All changes are annotated with "//66f1" before and after.

conv_ftl.c, conv_ftl.h

  • Modified to allocate dies based on information during writes.

nvme.h

  • Added additional fields to the NVMe Command structure.

ssd.c, ssd.h

  • Added die-specific information to the SSD structure.

Installation

Linux Kernel Requirement

This modification must run alongside the updated kernel. The kernel can be found here.

After building this kernel, you need to set the library location for the built module.

The rest is already configured. Simply run 'make'.

Reserving Physical Memory

A portion of the main memory should be reserved for the emulated NVMe device's storage. To reserve a chunk of physical memory, add the following option to GRUB_CMDLINE_LINUX in /etc/default/grub as follows:

GRUB_CMDLINE_LINUX="memmap=128G\$256G intremap=off"

This example will reserve 128 GiB of physical memory chunk (out of the total 512 GiB physical memory) starting from the 256 GiB memory offset. You may need to adjust those values depending on the available physical memory size and the desired storage capacity.
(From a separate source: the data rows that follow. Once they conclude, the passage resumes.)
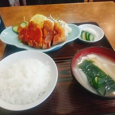 ポークソテーにお漬物、ご飯とお味噌汁です。
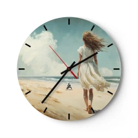 Väggklocka - Klocka på glas - En kvinna i vit klänning som går barfota på stranden - 30x30cm - Att möta solen och vinden - Modern väggdekoration för vardagsrum, kök och sovrum ARTTOR
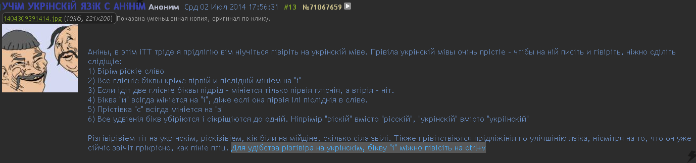 Предлагаю во всех тред писать по-украински. Во-первых, это будет показывать своих. Во-вторых, взрывать пукнуть тупой ваты.
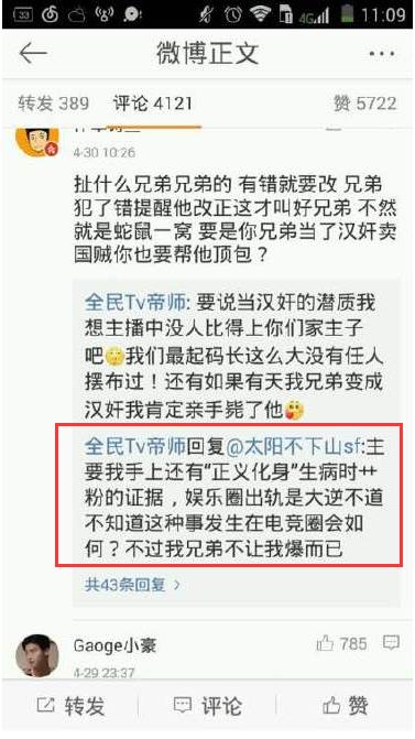 帝师:主要我手上还有“正义化身”生病时艹粉的证据,娱乐圈出轨就是大逆不道不知道这种事发生在电竞圈会如何?不过我兄弟不让我爆而已。

After changing the /etc/default/grub file, you are required to run the following commands to update grub and reboot your system.

$ sudo update-grub
$ sudo reboot

Using

When running, use it as shown below. NVMeVirt uses DRAM to store data, so it is very sensitive to NUMA settings. It is recommended to set the cores in the same location as the memory specified in NUMA.

$ insmod ./nvmev.ko memmap_start=256G memmap_size=120G cpus=131,132,135,136

Now the emulated nvmevirt device is ready to be used as shown below. The actual device number (/dev/nvme4) can vary depending on the number of real NVMe devices in your system.

$ ls -l /dev/nvme*

crw------- 1 root root 241, 4 Sep 27 14:40 /dev/nvme4
brw-rw---- 1 root disk 259, 7 Sep 27 14:40 /dev/nvme4n1

License

This project follows the GNU license of the original NVMeVirt project. NVMeVirt is offered under the terms of the GNU General Public License version 2 as published by the Free Software Foundation. More information about this license can be found here.